Pro Fisherman Joel Merchant with just a tiger shark jaw at the Tweed Bar crossing. Photo: Blainey Woodham / Tweed Daily News
Pro Fisherman Joel Merchant with just a tiger shark jaw at the Tweed Bar crossing. Photo: Blainey Woodham / Tweed Daily News Blainey Woodham

Pro fisherman says sharks increasing in size and number

DOZENS of large sharks thrashing about as they attack fish and each other has become a common sight for Joel Merchant, just metres from his boat as he brings in his lines off the coast of Tweed Heads.

The professional fisherman said in the past eight years he had observed a sharp increase in nearly all shark species.

He said this meant more attacks like the recent Northern Rivers ones were likely.

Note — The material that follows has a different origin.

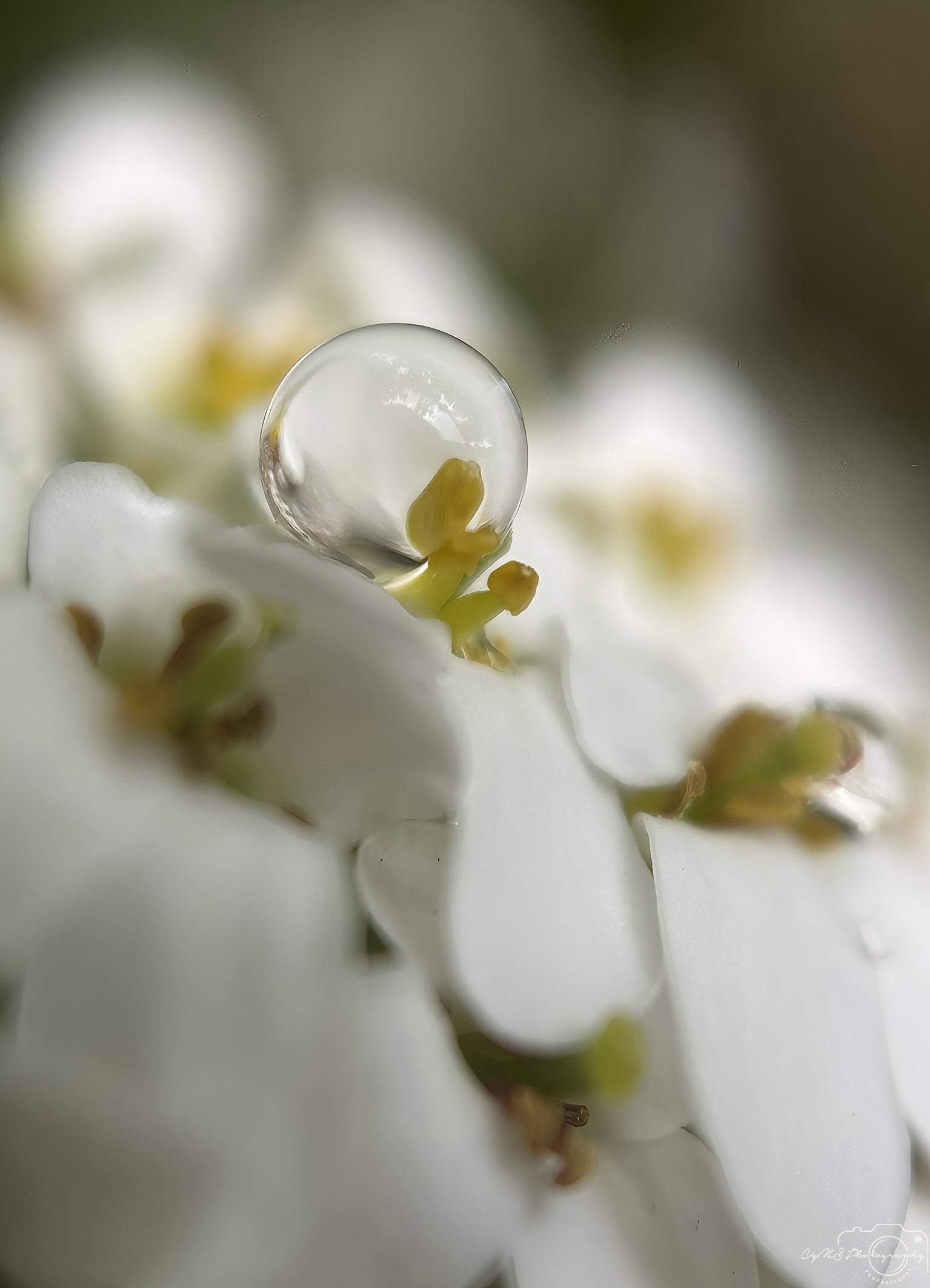 Ein einzelner, glitzernder Wassertropfen ruht zart auf dem schneeweißen Blütenblatt einer Iberis sempervirens , dessen Oberfläche wie eine polierte weiße Perle schimmert. Nach einer durchnässten Nacht verstärkt der Tropfen die seidige Textur des darunterliegenden Blütenblattes. Um ihn herum entfalten sich anmutig Büschel reinweißer Blütenblätter, unterbrochen von winzigen gelben Stempeln, die der ansonsten makellosen Szenerie eine sanfte Wärme verleihen. Der Gesamteindruck ist heiter und elegant – ein minimalistisches Meisterwerk der Natur.

There have been two shark attacks at Lennox Head in three weeks and a fatal mauling last year in Ballina. Surfers and swimmers are reporting more shark sightings and encounters.

"I have noticed a large increase in the size and number of a range of species from whalers and tigers through to bull sharks," Mr Merchant said.

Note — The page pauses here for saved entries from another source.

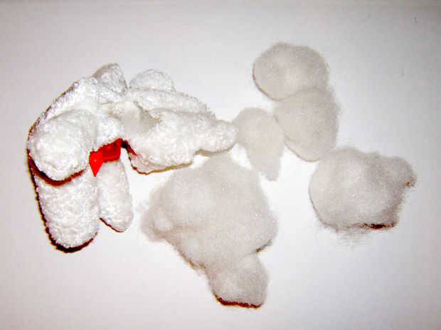Una vez abierta la parte posterior del cuello puede retirar todo el relleno de la cabeza y el estómago del oso. Para ayudar a volver a rellenar más adelante, dejar el relleno en los brazos y pies.
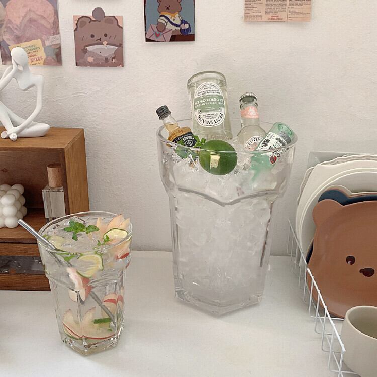 【商品説明】クリアガラスコップになります!サイズは2展開あって、大きいほうにはサングリアやワインを注ぎ、小さいほうのコップで飲んでください?
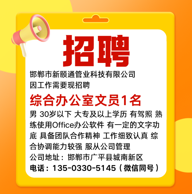 邯郸市新颐通管业科技有限公司因工作需要现招聘综合办公室文员1名,男,30岁以下,大专及以上学历,有驾照,熟练使用Office办公软件,有一定的文字功底,具备团队合作精神,工作细致认真,综合协调能力较强,服从公司管理。 公司地址:邯郸市广平县城南新区

He operates from Tweed Heads and sells to local fish and chip shops where flake (shark) is popular.

Mr Merchant said weight and length restrictions on shark catches had to be contributing to the attacks.

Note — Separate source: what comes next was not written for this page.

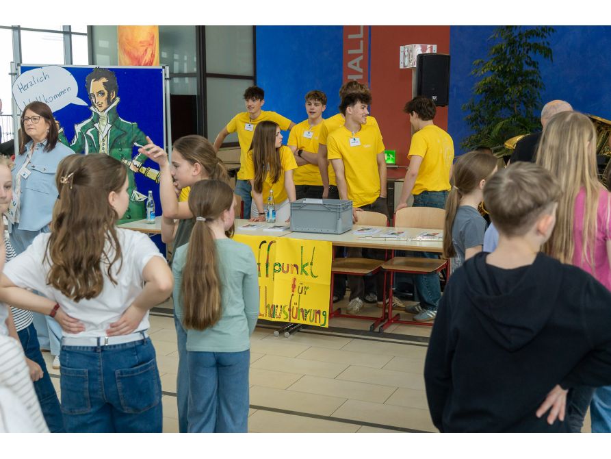 Die Naturwissenschaften begeisterten mit spektakulären Shows wie den „Chemiebusters“, dem „Alchematar – Herr der Elemente“ sowie faszinierenden Experimenten aus der Physik. Außerdem gab es bei der Biologie-Fachschaft eine Raubtierchen-Fütterung und man durfte Blumensamenbomben basteln. Wer sich auspowern wollte, kam in der Sporthalle beim Fußball, Klettern oder Bogenschießen voll auf seine Kosten. Der Innenhof lud unterdessen dazu ein, das breite Angebot der Ganztagsschule, die verschiedenen Spielmöglichkeiten und den Freizeitraum kennenzulernen. Abgerundet wurde das Programm durch den Vortrag des Schulleiters in der Mensa, der den Eltern informative Einblicke in das pädagogische Profil der Schule gab.

"Queensland now has a 1.5m limit on some sharks caught and New South Wales has a weekly weight limit of 500kg on sharks, so commonsense tells you the less sharks caught the more there will be out there."

As whales head north to mate in warmer waters, several species of sharks follow the migration in the hope of catching a feed of calves and sick adult whales who may be separated from the pod.

Mr Merchant said as whale migration numbers increased so would the presence of the great white and other large sharks.

"In the last couple of decades the number of whales coming up the coast have more than doubled so you have to expect the big whites to be around as well."

Marine expert Dr Daniel Bucher from Southern Cross University said whale migration and fish runs were bringing the larger predators closer to our beaches which resulted in an increase in human contact.

"It's not so much that they are mistaking us - they know we are not a seal or a dolphin, we're about the right size to be food."

It is understood that informal discussions have begun between Northern Rivers councils on shark protection options.

Ballina Shire Council is looking at implementing permanent aerial patrols and other technology such as sonar deflection devices.